Take a chickpea between finger and thumb, and squeeze lightly: the skin, a pleasing little shrug of a thing, will pop off. Like separating lentils from ashes, there is a zennish quality to it. Cinderellabell, if you will: my stepmother, a long time ago, used to call my sister and I her Cindies. That was a long time ago, and everything is different now, but still I think of that and smile, while I’m shelling chickpeas: my wicked stepmother. I have a strange respect for the wicked stepmothers. Like wicked witches, and all wicked women, they are beholden to nobody: wicked women are mannerless and strange, and wicked women live alone, and wicked women sleep all day and read all night. Wicked women and lazy girls have a great deal in common. I would share this hummus with a wicked witch. By the time you have thought all this, the chickpeas will be shelled, and you can tip away the water, and tip the chickpeas into the blender, and blitz them until they are crumbs, fine crumbs. Keep it running; add the tahini, little by little, add the lemon, and the garlic. Keep it running; add a little cold water. Keep it running; add a little oil. Keep it running; add rough salt, and taste. Keep it running. It will seem too thick. Add more cold water. Keep adding cold water. Keep on adding cold water, and tasting, until it seems like the sort of hummus you like. I would have kept blending mine, but the blender started to smoke, so I stopped. When the hummus is done, or the blender threatens to give up the ghost, spoon thickly into a bowl, and cover. Chill for as long as you can bear it. At least half an hour, I think, although Ottolengi suggests fifty minutes. Ottolenghi also wants you to soak the chickpeas from dried, overnight. Ottolenghi is not a lazy girl, or a wicked witch: he is a genius.
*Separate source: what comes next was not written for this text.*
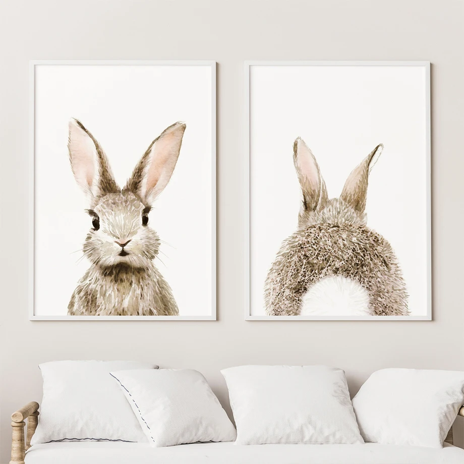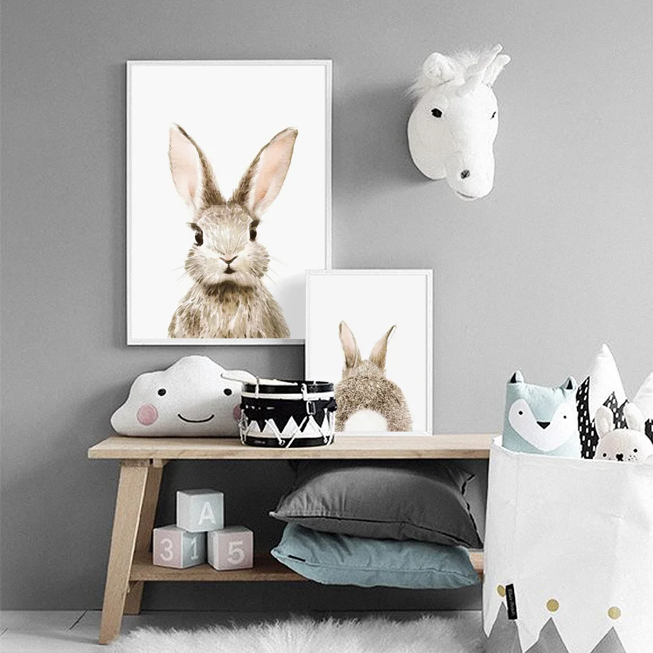 Настенная бумага с изображением лесных животных кроликов для детской комнаты, Картина на холсте, кролик, скандинавские плакаты и принты, домашний декор, картины для детской комнаты

Drizzle with olive oil- mine, pleasingly, is garlic-scented- and scatter with za’atar, or dukkah, or simply and easily paprika, or chilli salt. Pittas, toasted, warm. Yellow roses. Lemons. Laziness. Love.
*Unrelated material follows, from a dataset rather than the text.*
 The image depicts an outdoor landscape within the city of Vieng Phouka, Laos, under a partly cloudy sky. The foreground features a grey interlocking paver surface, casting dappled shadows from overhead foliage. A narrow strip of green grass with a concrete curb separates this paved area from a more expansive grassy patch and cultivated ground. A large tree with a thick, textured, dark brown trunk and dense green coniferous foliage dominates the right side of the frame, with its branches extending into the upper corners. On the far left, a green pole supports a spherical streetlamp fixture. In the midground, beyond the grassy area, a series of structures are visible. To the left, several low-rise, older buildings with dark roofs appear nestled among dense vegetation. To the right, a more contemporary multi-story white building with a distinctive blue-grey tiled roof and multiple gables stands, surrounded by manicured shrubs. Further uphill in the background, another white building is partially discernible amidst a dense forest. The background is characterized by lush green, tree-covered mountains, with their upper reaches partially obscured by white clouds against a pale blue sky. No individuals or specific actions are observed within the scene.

(A Variations On A Lazy Theme: The Laziest Laziest Girl’s Hummus
Two 200g cans chickpeas.
Four big dollops of peanut butter.
Lots of cold water.
Four minced garlic cloves.
Two whole lemons, squeezed.
This is a passable hummus, and you probably have everything you need for it in the house right now, and requires literally no effort from you whatsoever, except chopping the garlic very finely, which you can do in front of Chicken Run (which I love), and squeezing the lemons, which you can also do in front of Chicken Run. Drain the chickpeas; dollop them wholesale into the blender. Blitz. Blitz. Add the peanut butter. I know, right?! Peanut butter. Mad. Nigella does it and all. Nigella! Blitz. Add a splash of cold water. Blitz. Add half the garlic. Blitz. Add half the lemon juice. Blitz. Add half the garlic. Blitz. Add the rest of the lemon juice. Blitz. Add a splash of olive oil. Blitz. Cold water, through the top of the blender, until consistency. Taste. Olive oil. Salt. Black pepper. Za’atar, if you have it. Scoop, with fingers, from the blender, in front of Chicken Run. You just made hummus with peanut butter. You do not need a fork. You do not need bread. You need nothing but your fingers, and satisfaction.)